• [Your goal]
Scan the data below and copy each line where "popular" occurs.

(Entries provided Opens)

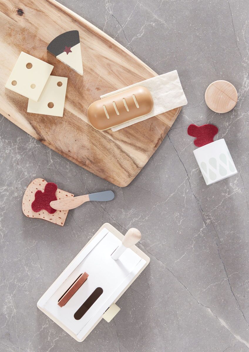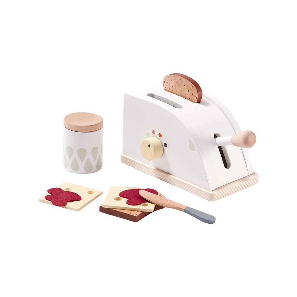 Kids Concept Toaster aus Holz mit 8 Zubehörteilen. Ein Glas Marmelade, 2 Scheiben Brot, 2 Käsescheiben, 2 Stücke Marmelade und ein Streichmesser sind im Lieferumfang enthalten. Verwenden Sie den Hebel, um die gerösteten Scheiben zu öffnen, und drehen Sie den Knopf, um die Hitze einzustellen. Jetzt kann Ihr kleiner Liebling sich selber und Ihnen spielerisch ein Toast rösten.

(Entries provided Closes)
(Entries provided Opens)

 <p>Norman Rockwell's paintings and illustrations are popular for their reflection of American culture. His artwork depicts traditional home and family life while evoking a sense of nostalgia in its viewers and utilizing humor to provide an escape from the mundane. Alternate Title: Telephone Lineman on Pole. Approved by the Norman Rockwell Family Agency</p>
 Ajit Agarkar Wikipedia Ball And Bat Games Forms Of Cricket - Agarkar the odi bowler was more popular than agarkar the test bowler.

(Entries provided Closes)

• [Answer below]
 <p>Norman Rockwell's paintings and illustrations are popular for their reflection of American culture. His artwork depicts traditional home and family life while evoking a sense of nostalgia in its viewers and utilizing humor to provide an escape from the mundane. Alternate Title: Telephone Lineman on Pole. Approved by the Norman Rockwell Family Agency</p>
 Ajit Agarkar Wikipedia Ball And Bat Games Forms Of Cricket - Agarkar the odi bowler was more popular than agarkar the test bowler.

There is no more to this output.